In the new financial world risk assessment was to a great extent done away with. There was no need for mortgage originators to undertake this task because the mortgage would be sold off to another institution. The mortgage originator would not bear the risk. How was risk supposed to be assessed? By the risk assessment agencies such as Standard and Poor’s, Moody’s and Fitch. They played a vital role in ensuring that the debt packages based on subprime and other risky mortgages were given a high rating. And it was in their interest to do so.
According to one recent study of the subprime crisis, fees paid to the rating agencies for helping to market mortgage bonds “were about twice as high as they were for rating corporate bonds—the traditional business of ratings firms. Moody’s got 44 percent of its revenue in 2006 from rating ‘structured finance’ (student loans, credit card debt and mortgages)” (L Randall Wray, “Lessons from the Subprime Meltdown,” Levy Economics Institute, December 2007, p. 21).
Now the whole subprime market has collapsed. It is estimated that “well over a trillion dollars of subprime US mortgages will lose one half their value” (Wray, p. 22).
The expansion of credit not only boosted house prices, but led to an even bigger increase in debt. “[W]hile real estate values easily doubled over the past decade, from $10 trillion in 1997 to well over $20 trillion by 2005, home mortgage liabilities rose even faster, from less than $2 trillion in 1997 to $10 trillion in 2005. (Indeed, between 2002-06, total credit grew by $8 trillion while GDP only grew by $2.8 trillion)” (Wray, p. 27).

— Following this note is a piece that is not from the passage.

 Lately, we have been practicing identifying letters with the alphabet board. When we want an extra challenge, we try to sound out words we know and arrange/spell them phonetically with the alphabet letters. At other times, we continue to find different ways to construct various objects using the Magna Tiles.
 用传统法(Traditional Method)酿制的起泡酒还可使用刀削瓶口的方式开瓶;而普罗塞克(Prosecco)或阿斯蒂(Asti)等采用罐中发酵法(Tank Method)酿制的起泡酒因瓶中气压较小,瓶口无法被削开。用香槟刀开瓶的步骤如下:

One of the chief mechanisms for the creation of this financial bubble has been the securitisation of mortgages—the aggregation of large numbers of mortgages into debt packages which are then sold off. This was supposed to shift risk off the balance sheets of banks and other financial institutions. But what has happened is the risk that was sent out the front door has come in the back because the risky debts have been purchased by off-balance sheet organisations set up by the banks—so-called “structured investment vehicles” (SIVs). The increased role of subprime mortgages in the creation of these securities is made clear in the following table published by the IMF.

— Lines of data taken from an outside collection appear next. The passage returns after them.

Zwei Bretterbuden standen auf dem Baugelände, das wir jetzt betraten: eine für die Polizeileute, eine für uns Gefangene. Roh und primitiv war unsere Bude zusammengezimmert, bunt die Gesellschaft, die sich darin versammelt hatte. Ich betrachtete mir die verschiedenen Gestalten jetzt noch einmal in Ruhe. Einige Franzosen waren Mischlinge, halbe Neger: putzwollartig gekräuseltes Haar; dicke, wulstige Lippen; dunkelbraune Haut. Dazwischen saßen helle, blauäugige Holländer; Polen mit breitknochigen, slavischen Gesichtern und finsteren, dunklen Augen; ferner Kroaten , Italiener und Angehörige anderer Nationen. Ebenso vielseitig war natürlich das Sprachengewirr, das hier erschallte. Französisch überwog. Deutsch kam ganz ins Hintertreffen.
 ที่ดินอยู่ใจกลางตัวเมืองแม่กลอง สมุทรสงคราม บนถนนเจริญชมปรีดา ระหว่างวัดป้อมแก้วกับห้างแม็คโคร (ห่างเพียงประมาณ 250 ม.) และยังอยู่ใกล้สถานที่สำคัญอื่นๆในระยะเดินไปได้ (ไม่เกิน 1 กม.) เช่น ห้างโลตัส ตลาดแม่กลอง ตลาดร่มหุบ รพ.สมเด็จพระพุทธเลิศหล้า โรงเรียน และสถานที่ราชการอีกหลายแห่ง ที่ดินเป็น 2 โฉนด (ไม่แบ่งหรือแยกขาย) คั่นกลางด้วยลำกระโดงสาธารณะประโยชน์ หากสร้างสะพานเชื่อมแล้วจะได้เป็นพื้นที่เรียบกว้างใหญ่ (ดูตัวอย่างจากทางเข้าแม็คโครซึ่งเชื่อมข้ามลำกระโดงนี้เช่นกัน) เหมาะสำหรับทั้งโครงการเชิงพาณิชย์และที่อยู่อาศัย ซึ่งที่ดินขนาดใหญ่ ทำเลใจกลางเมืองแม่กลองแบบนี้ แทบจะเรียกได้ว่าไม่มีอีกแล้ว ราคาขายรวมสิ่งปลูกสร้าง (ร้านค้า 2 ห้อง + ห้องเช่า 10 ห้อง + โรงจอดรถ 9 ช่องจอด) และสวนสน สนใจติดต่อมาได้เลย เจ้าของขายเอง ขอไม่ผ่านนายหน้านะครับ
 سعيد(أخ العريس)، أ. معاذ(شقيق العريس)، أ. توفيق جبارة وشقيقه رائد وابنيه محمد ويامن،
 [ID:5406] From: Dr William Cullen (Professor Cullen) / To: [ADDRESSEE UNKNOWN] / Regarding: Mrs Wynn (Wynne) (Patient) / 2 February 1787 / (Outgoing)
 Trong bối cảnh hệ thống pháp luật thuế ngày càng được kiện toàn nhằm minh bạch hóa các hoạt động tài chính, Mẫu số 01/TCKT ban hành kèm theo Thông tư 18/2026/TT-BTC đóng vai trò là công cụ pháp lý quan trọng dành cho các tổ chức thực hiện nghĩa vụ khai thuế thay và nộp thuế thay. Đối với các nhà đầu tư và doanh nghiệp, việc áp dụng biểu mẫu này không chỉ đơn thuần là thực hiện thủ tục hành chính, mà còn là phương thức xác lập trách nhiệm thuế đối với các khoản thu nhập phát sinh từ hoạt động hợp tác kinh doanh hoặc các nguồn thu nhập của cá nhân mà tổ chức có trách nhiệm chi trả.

The securitisation process has meant that, via a roundabout route, banks now hold packages of mortgages originated by organisations that had no interest in evaluating whether they could be serviced. This means that banks now hold the debt of borrowers whose risk has never been assessed. This process, which returned large profits, was based on one crucial assumption: that the continuous supply of credit would ensure that house prices would keep rising, so there was no need to assess the risk of the borrower because in the case of default the house could simply be sold off and realise more than the purchase price.

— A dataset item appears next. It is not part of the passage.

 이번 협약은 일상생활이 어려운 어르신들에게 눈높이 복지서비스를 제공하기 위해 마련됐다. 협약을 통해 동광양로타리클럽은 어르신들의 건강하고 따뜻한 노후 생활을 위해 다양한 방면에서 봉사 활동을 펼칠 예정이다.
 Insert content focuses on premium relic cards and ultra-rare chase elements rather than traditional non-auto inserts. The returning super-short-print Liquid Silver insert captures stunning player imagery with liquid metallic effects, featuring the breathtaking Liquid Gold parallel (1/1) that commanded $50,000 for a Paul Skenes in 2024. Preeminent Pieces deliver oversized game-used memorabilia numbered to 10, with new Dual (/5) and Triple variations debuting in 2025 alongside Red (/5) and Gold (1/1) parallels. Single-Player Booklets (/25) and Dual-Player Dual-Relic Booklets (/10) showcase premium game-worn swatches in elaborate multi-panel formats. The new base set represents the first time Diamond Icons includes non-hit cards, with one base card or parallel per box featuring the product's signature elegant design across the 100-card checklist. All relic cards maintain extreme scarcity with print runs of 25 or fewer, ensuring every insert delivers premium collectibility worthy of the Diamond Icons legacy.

That assumption held good for about a decade after 1994 and only began to turn sour in 2005-2006 when they began to decline. In 2004 the Case-Shiller home-price index increased 20 percent over the previous year. In 2006 it declined 5 percent.
There was a fundamental flaw in the housing bubble—the income of the vast majority of working class families, which must be used to pay off mortgage debt, has been decreasing or stagnant since the end of the last recession in 2001. In the past eight years, the level of US GDP has increased by more than a quarter, while median wages have fallen by 4 percent.
The financial problems go beyond the subprime mortgage market. In the commercial paper market—where firms raise cash through the issuing of short-term debt—there is about $2.2 trillion outstanding, of which $1.2 trillion is backed by residential mortgages, credit card receivables, car loans, and other bonds. There could be as much as half a trillion dollars of potentially worthless paper held by the biggest banks (Wray, p. 36).
Now there are warnings (see e.g., Financial Times, January 14, 2008) that credit default swaps, an insurance system for debts, could be the next area to experience a crisis.
No one really knows the full extent of the losses. When the subprime crisis was starting to break, Bernanke estimated the losses in the range of $50 billion to $100 billion. Now, expected losses range from $300 to $400 billion. But it could be much more. According to one estimate, if house prices fell by as much as 30 percent, credit losses could reach $900 billion. (See Jan Kregel Minsky’s “Cushions of Safety,” published by the Levy Institute).
Apart from the situation facing the banks, there is the issue of the impact of the housing slump on the level of consumption spending in the US, which plays such a decisive role in providing a market for the goods manufactured in China and the rest of Asia.
With real incomes stagnant or falling for all but the top 20 percent or so of the American population, the increase in house prices has played a crucial role in financing the increasing debt incurred by large sections of the population. Since 2002, home equity cash-outs have totaled $1.2 trillion, equivalent to 46 percent of the increase in consumption spending over this period. The social consequences are enormous, as David North made clear in his report to the national aggregate of the SEP in the US held earlier this month (See “Notes on the political and economic crisis of the world capitalist system and the perspective and tasks of the Socialist Equality Party”).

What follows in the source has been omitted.